We found that almost all mutations with strong predicted effects in cell-type-specific E sequence classes contributed to diseases relevant to that same cell type (Figure 5, Supplementary File 5)--for most of these mutations, the nearby gene is known to be relevant to the disease but the molecular mechanisms of regulatory disruption is unknown. For example, mutations causing Protein C deficiency and Hemophilia B, two diseases characterized by the deficiency of specific plasma proteins produced in the liver (protein C and coagulation factor IX, respectively), are predicted to decrease E9 liver/intestine sequence class activities. Blood cell-type-specific enhancer sequence classes are disrupted in distinct blood-related diseases and deficiencies relevant to the corresponding cell type: the E12 erythroblast-like enhancer sequence class is disrupted in red blood cell-specific diseases such as pyruvate kinase deficiency, erythropoietic porphyria, delta-thalassemia, and beta-thalassemia; the E7 monocyte/macrophage-like sequence class is disrupted in monocyte and macrophage-related chronic granulomatous disease; and the E5 B-cell-like enhancer sequence class is disrupted in X-linked agammaglobulinemia, a functional deficiency of B-cell.
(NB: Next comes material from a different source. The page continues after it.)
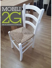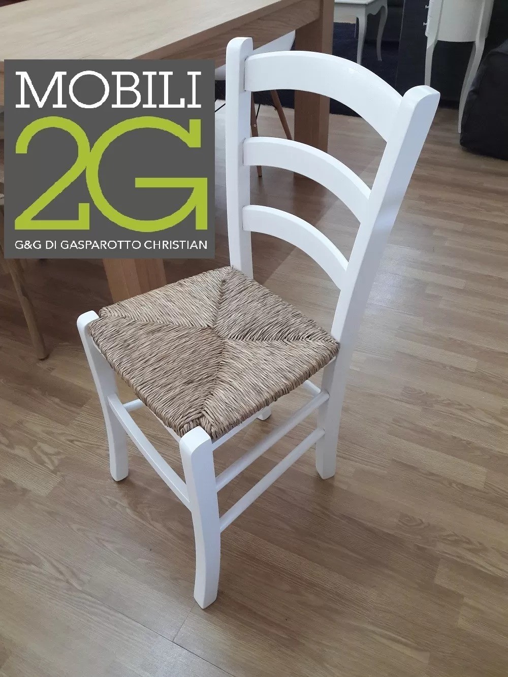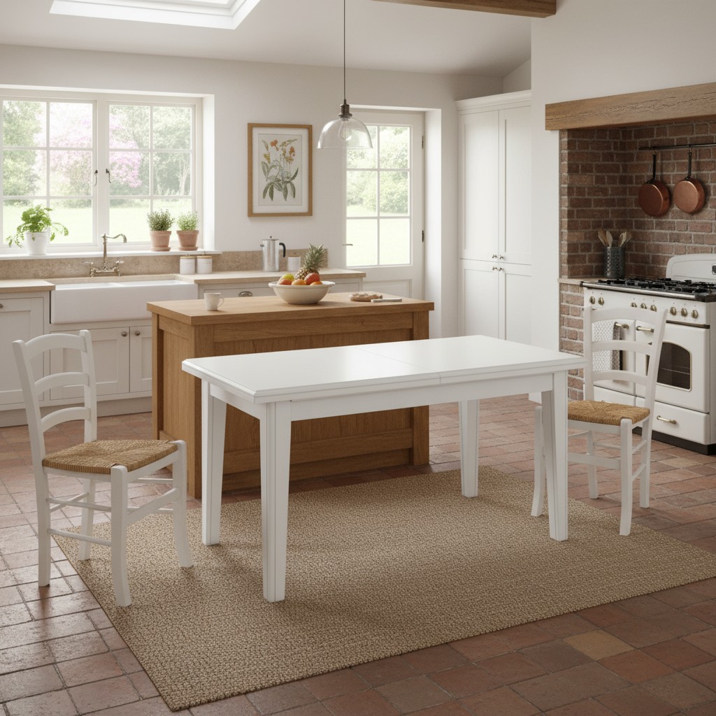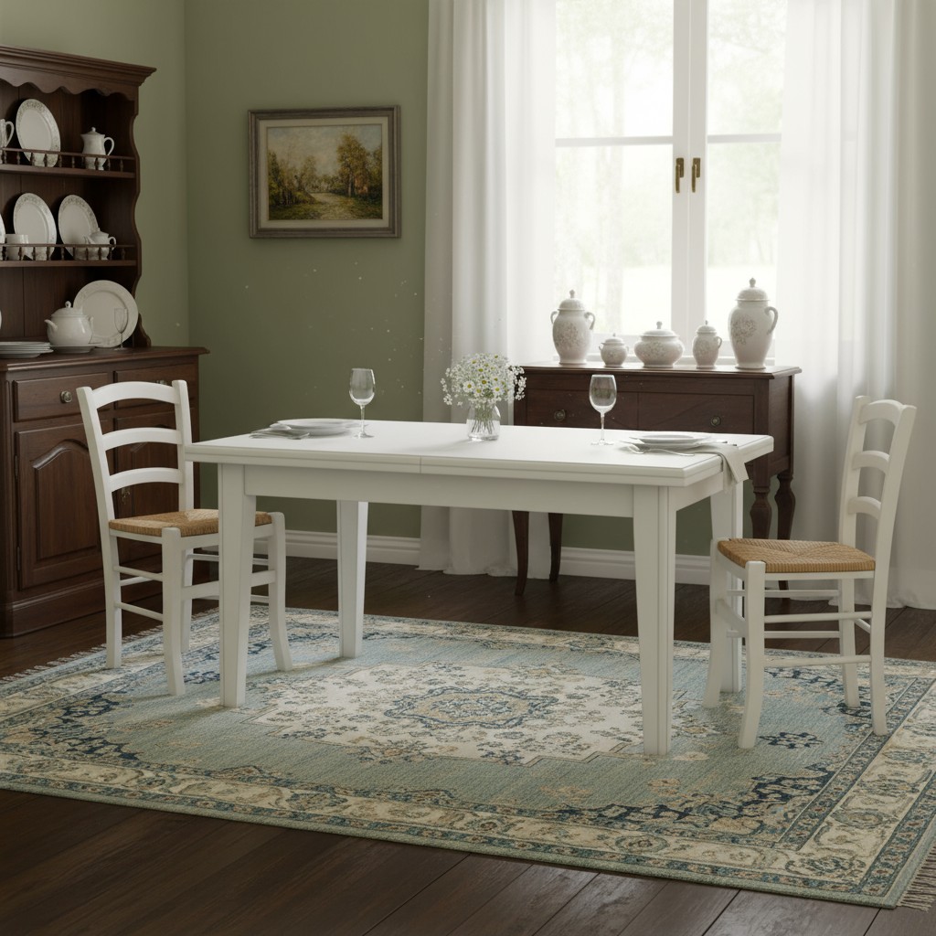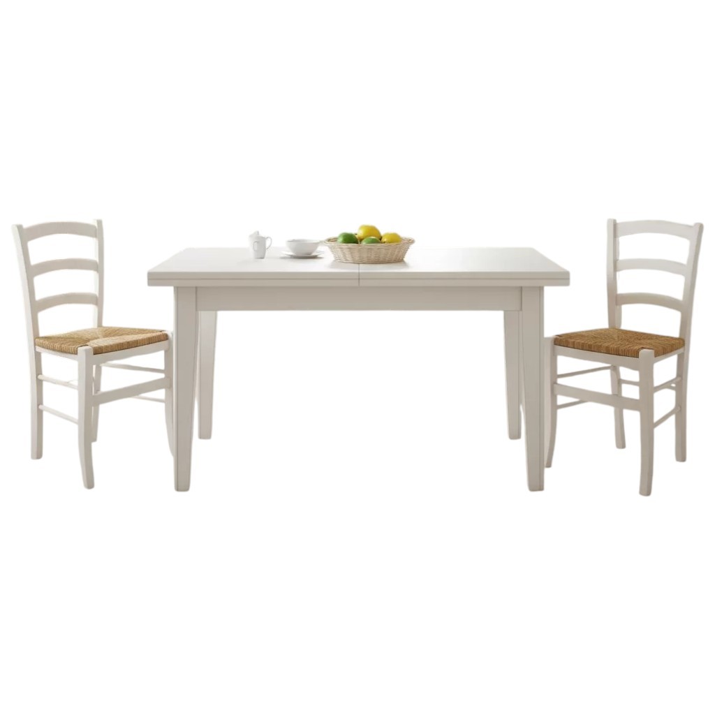 Set tavolo shabby bianco160X85 180x85 180x100 allungabile con 6 sedie legno seduta paglia

For developmental diseases, such as preaxial polydactyly triphalangeal thumb and radial ray deficiency and triphalangeal thumb-polysyndactyly syndrome, the E1 embryonic stem cell-specific enhancer sequence class is predicted to be disrupted by mutations in a known distal enhancer of Sonic Hedgehog (SHH) (chr7:156583951 G>A31, chr7:156583949 G>C32), a gene that plays a crucial role in the positioning and growth of limbs, fingers, and toes during development.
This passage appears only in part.